Auguri! San Diego Italian Film Festival Turns 10

Selma Hayek as the Queen and Christian Lees as her son in " Il racconto dei racoonti" {"Tale of Tales), Matteo Garrone's fantastical retelling of Neopolitan fairy tales.
Selma Hayek as the Queen and Christian Lees as her son in " Il racconto dei racoonti" {"Tale of Tales), Matteo Garrone's fantastical retelling of Neopolitan fairy tales.
Auguri! San Diego Italian Film Festival Turns 10
The festival throws a 10th anniversary birthday bash with some intriguing new films. It runs through Oct. 16 with screenings at the Museum of Photographic Arts in Balboa Park and La Paloma Theatre in Encinitas.

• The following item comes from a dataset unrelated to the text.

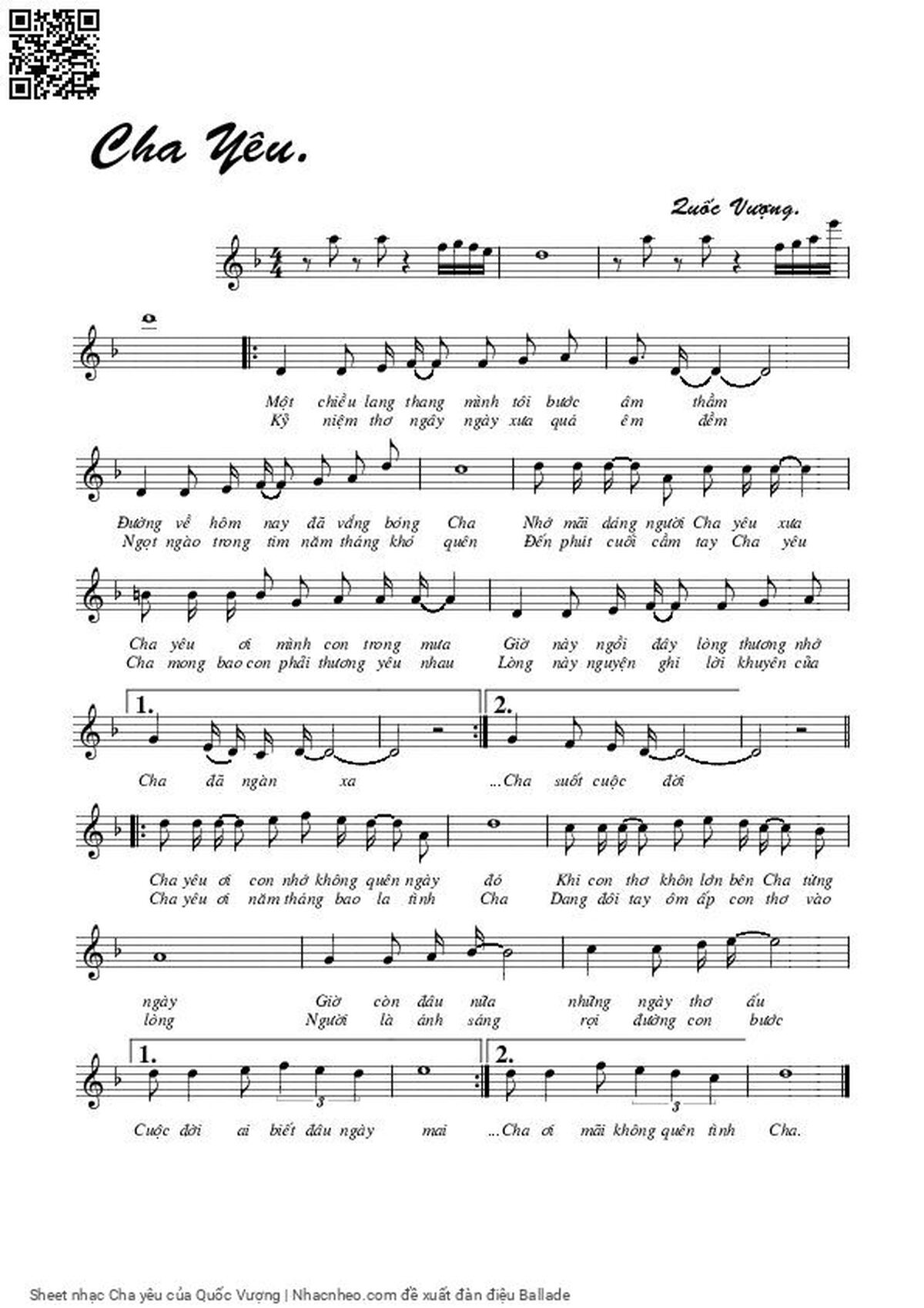 Phần nghe hát Cha yêu (Quốc Vượng) được nhúng từ Youtube, Musescore hoặc link ngoài và chịu sự kiểm soát bản quyền của bên thứ ba đó, vì vậy có thể bị xóa hoặc chèn quảng cáo bất kỳ lúc nào. Nếu bạn không nghe - xem được ca sĩ hát tức là đã bị Youtube hoặc Musescore kiểm soát.

San Diego Italian Film Festival throws a 10th anniversary birthday bash with some intriguing new films.

There’s always something to cheer about when a film festival hits its 10-year mark. One has a sense the festival is here to stay and a hope that it is settling into what promises to be a vibrant, mature presence on the local film scene.

SDIFF is showcasing 10 films to celebrate its first decade with a gala birthday party set for this Sunday. Executive director and festival founder Victor Laruccia said the festival is focusing on three things.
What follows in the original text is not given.